Problem statement => What you return must be the lines from the first one below through the one containing "Foshan Golden Source", exactly and with pictures excluded.

[Records contained in a dataset]

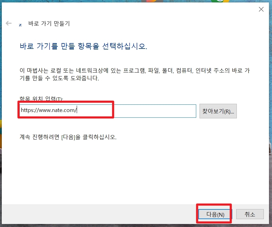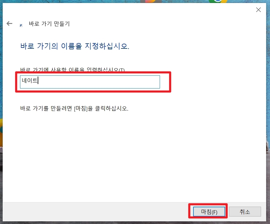 바로가기 이름을 [네이트]로 입력후 마침을 클릭하세요.
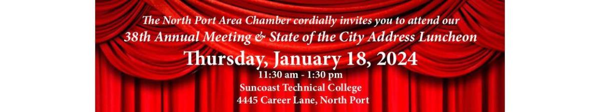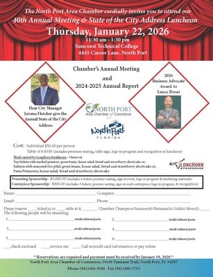 The North Port Area Chamber of Commerce cordially invites you to attend our 40thth Annual Meeting & State of the City Address Luncheon on Thursday, January 22, 2026. Hear City Manager, Jerome Fletcher, give the Annual State of the City Address, and share in the presentation of the 2026 Business Advocate Award to Lance Broat.
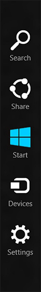 Чудо-кнопки обеспечивают управление и взаимодействие с приложениями и конфигурацией Windows 8.1. Они содержат кнопу "Пуск", также известную под флагом Windows, "Поиск" и несколько параметров системы.
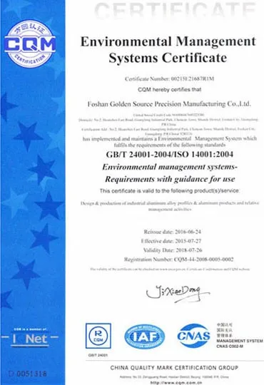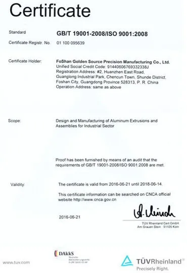 Foshan Golden Source Precision Manufacturing co., Ltd основана в 1991 году, специализируется на разработке и производстве высокопрочных промышленных алюминиевых профилей высокой точности/прецизионных деталей/алюминиевых товары, связанных с такими отраслями, как высокоскоростные поезда, метро, автомобили, водные ремесла, компьютеры, телекоммуникации, мебель и украшения.
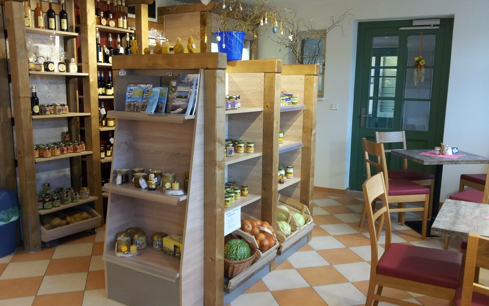 Im Hofladen gibt es ein Frühstücks- , Mittags- und Kaffeeangebot: Imbiss, Tagessuppen, Kaffee & Kuchen und regionale offene Weine.
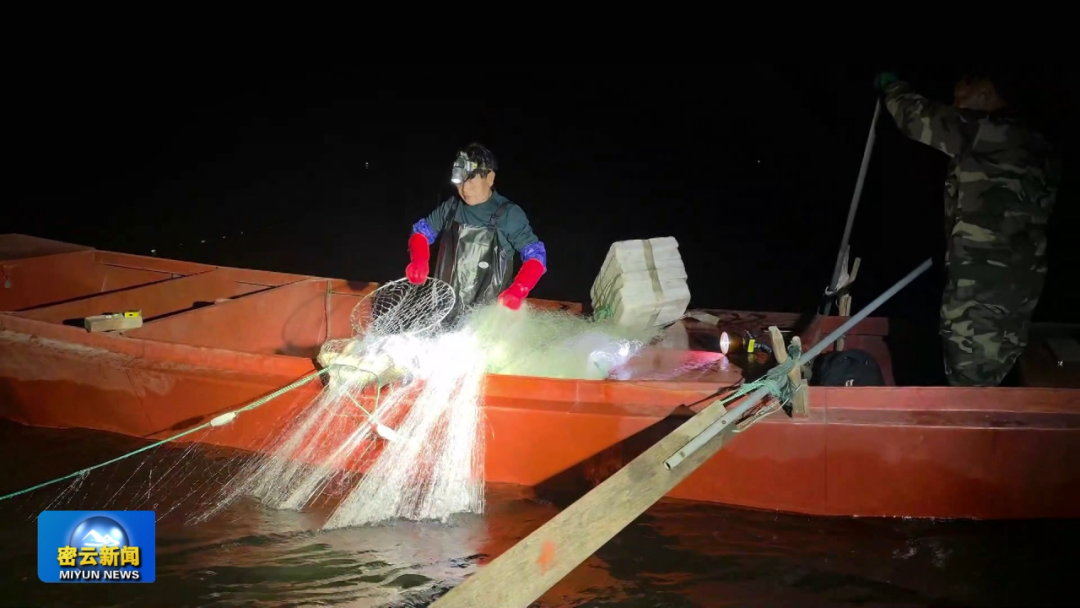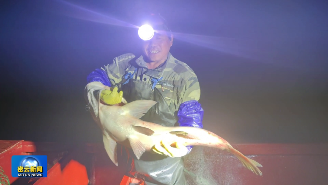 深夜的密云水库,船桨声划破了往日的寂静,一艘艘红色渔船漂浮在水面上,散发着星星点点的渔火,渔民们默契配合,摆正船身、拉起渔网、一条条鲜活的水库鱼跃出水面。
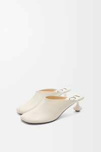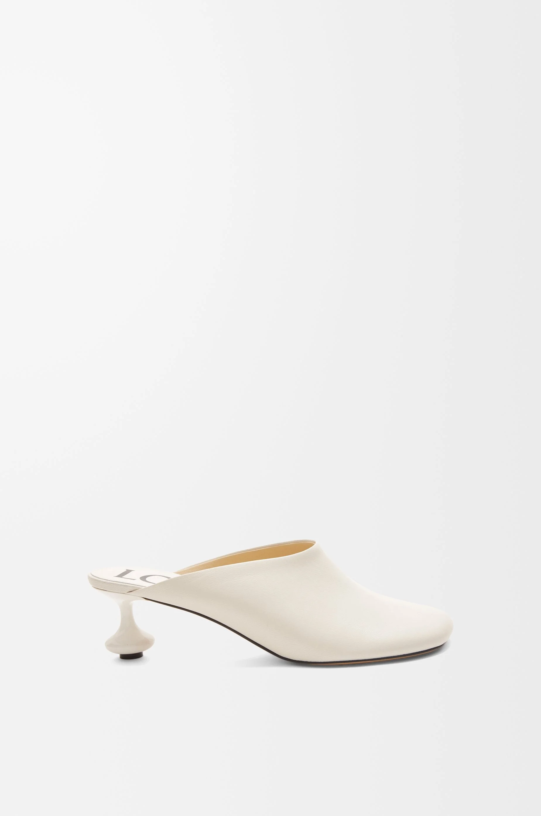 Mules in goatskin with a petal shaped toe and lacquered signature toy heel. The SS23 shoe collection plays on tension and contrast: handcraft clashes with a fetish attitude and natural materials collide with the technical. Key details include playful heels, graphic logos and asymmetric toes and straps. - 45mm heel Details - Colour: White - Main material: Goatskin - Heel height: 6 - Weight: 0.4 kg - Model ID: L814379X28 - Made in: Italy
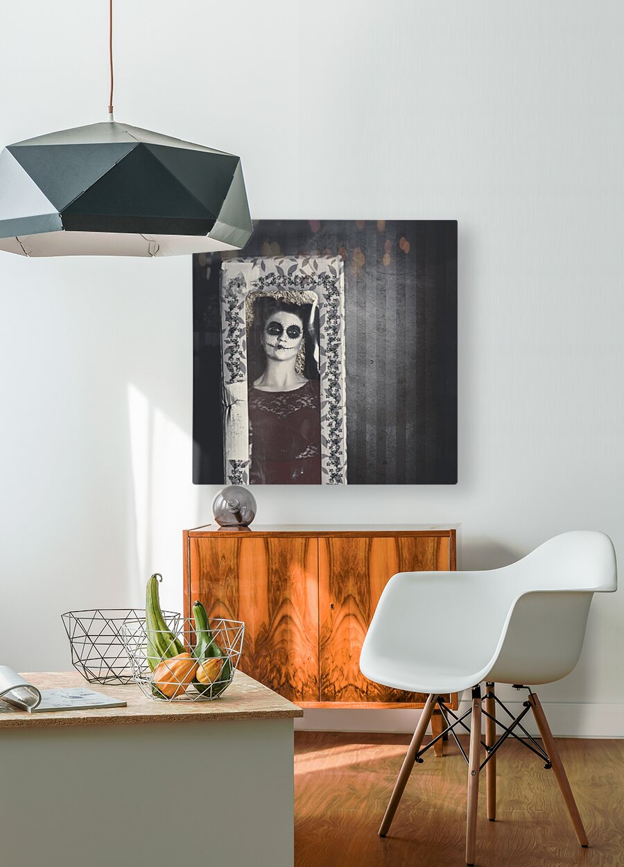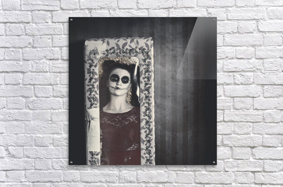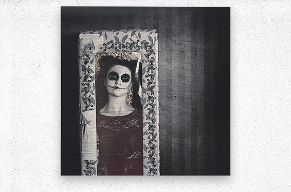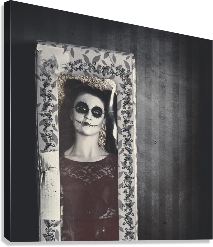 Get this artwork "Possessed sugar skull doll inside vintage toy box" in a framed print.
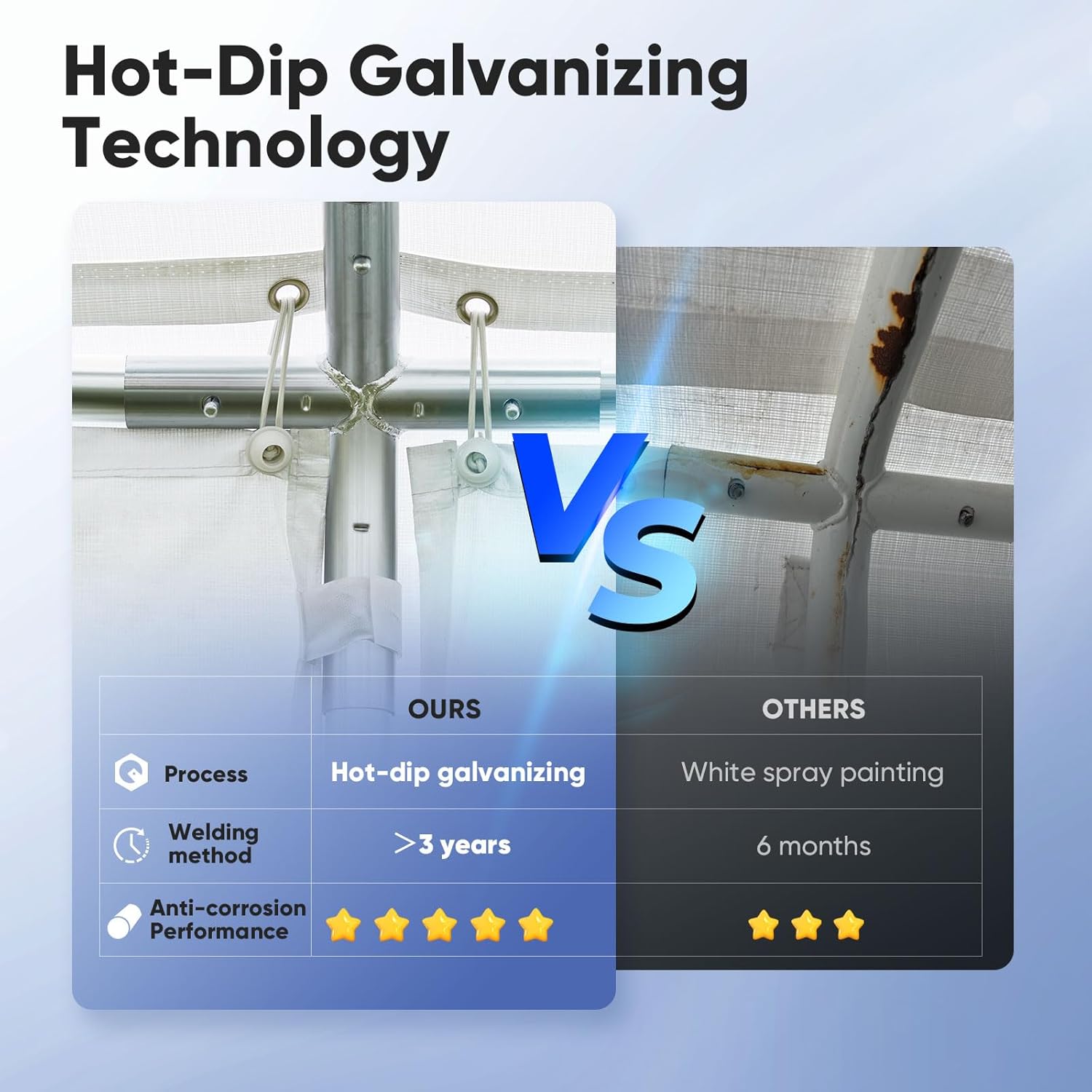 【Sturdy Steel Frame】Our party tent features a high-quality, heavy-duty 38mm galvanized steel tube frame that is corrosion-resistant. With a steel tube diameter of 1.5 inches (38 mm) and a metal connector diameter of 1.66 inches (42 mm), you can be sure of strong support.

Response below =>
 바로가기 이름을 [네이트]로 입력후 마침을 클릭하세요.
 The North Port Area Chamber of Commerce cordially invites you to attend our 40thth Annual Meeting & State of the City Address Luncheon on Thursday, January 22, 2026. Hear City Manager, Jerome Fletcher, give the Annual State of the City Address, and share in the presentation of the 2026 Business Advocate Award to Lance Broat.
 Чудо-кнопки обеспечивают управление и взаимодействие с приложениями и конфигурацией Windows 8.1. Они содержат кнопу "Пуск", также известную под флагом Windows, "Поиск" и несколько параметров системы.
 Foshan Golden Source Precision Manufacturing co., Ltd основана в 1991 году, специализируется на разработке и производстве высокопрочных промышленных алюминиевых профилей высокой точности/прецизионных деталей/алюминиевых товары, связанных с такими отраслями, как высокоскоростные поезда, метро, автомобили, водные ремесла, компьютеры, телекоммуникации, мебель и украшения.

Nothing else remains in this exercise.